Collected material:
════════════════
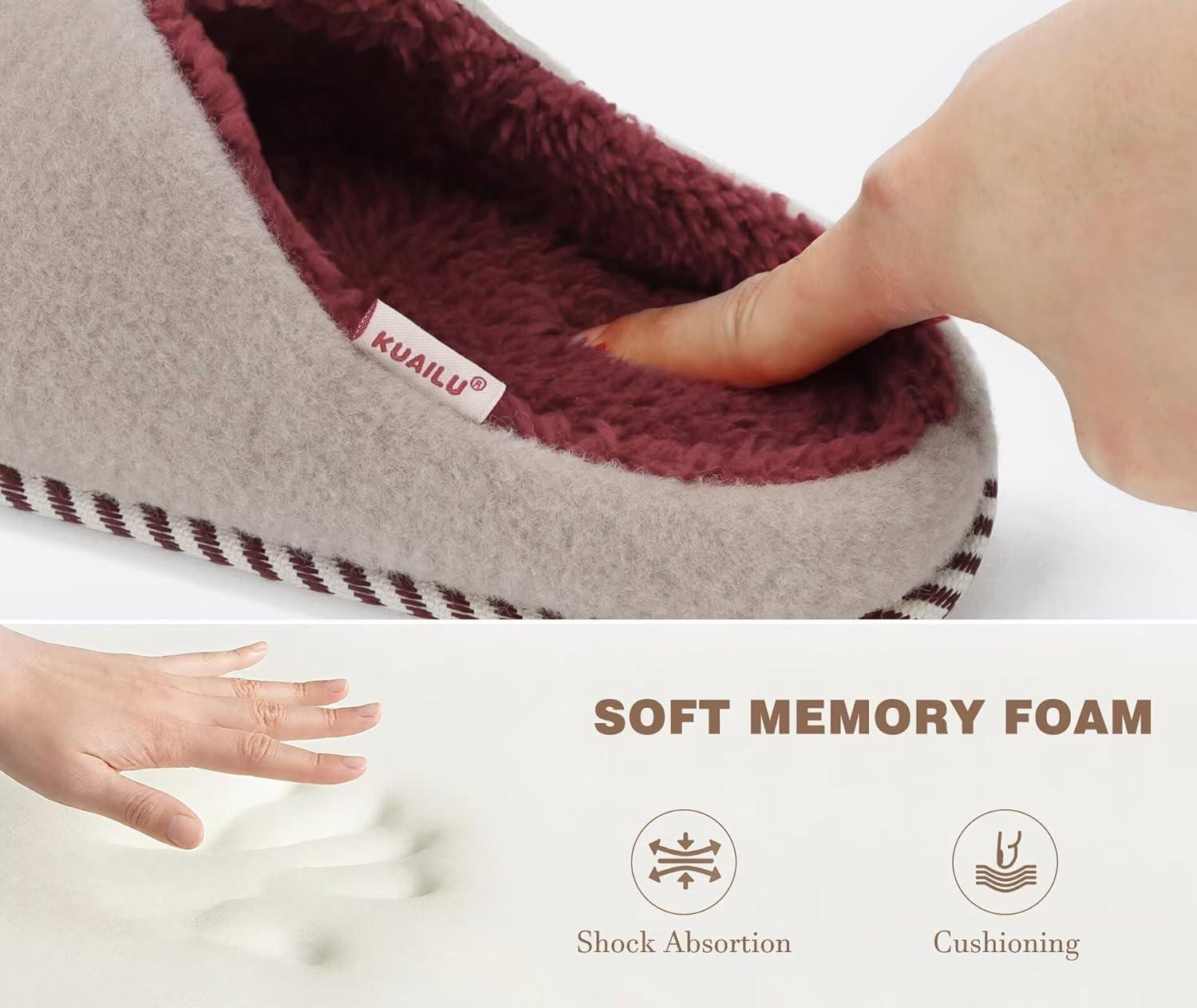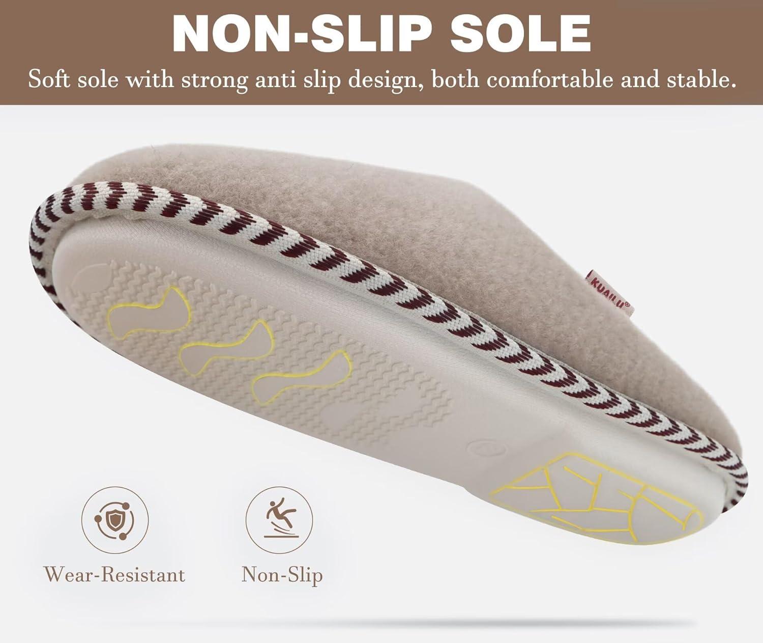 KuaiLu Womens Supportive Memory Foam Slippers Felt Fuzzy Lined Heel Cushion Lightweight House Shoes for Indoor Outdoor(Beige)
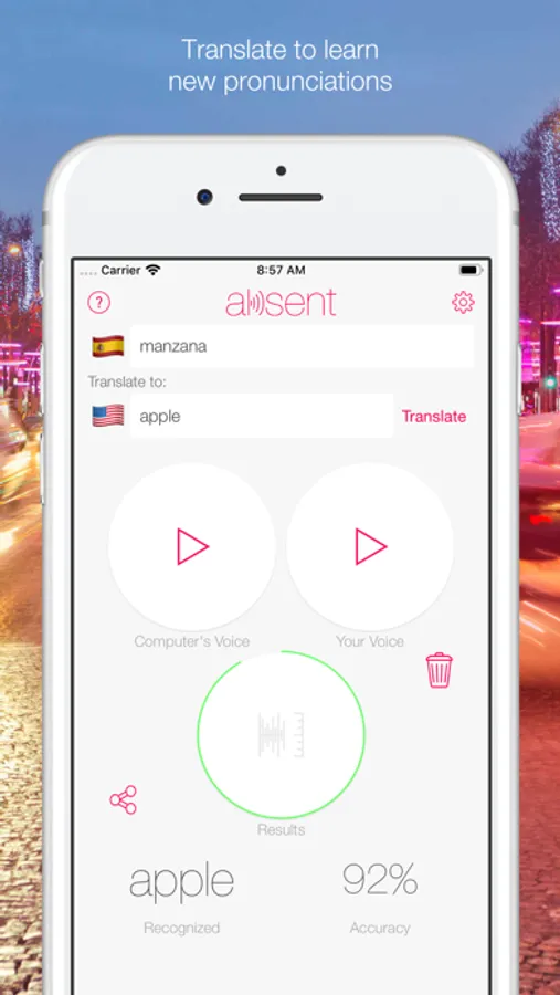 Aksent will help you improve your pronunciation in order to shed that accent! It is great for teachers, students or actors learning foreign languages.
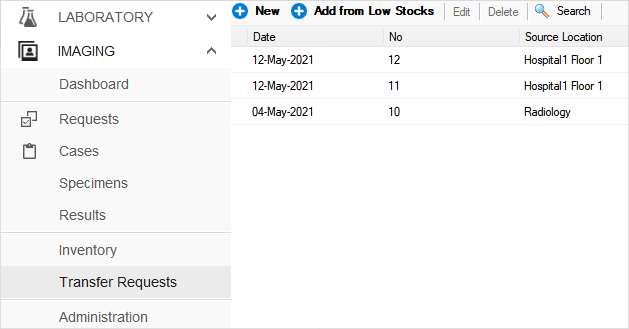 The Imaging staff can now request inventory for needed items, or for low stock items:
════════════════
Problem requirements: Restate word for word the lines from the one containing "Aksent will help" through the end of the material above, both included, and nothing besides; drop the pictures.

Written solution:
 Aksent will help you improve your pronunciation in order to shed that accent! It is great for teachers, students or actors learning foreign languages.
 The Imaging staff can now request inventory for needed items, or for low stock items:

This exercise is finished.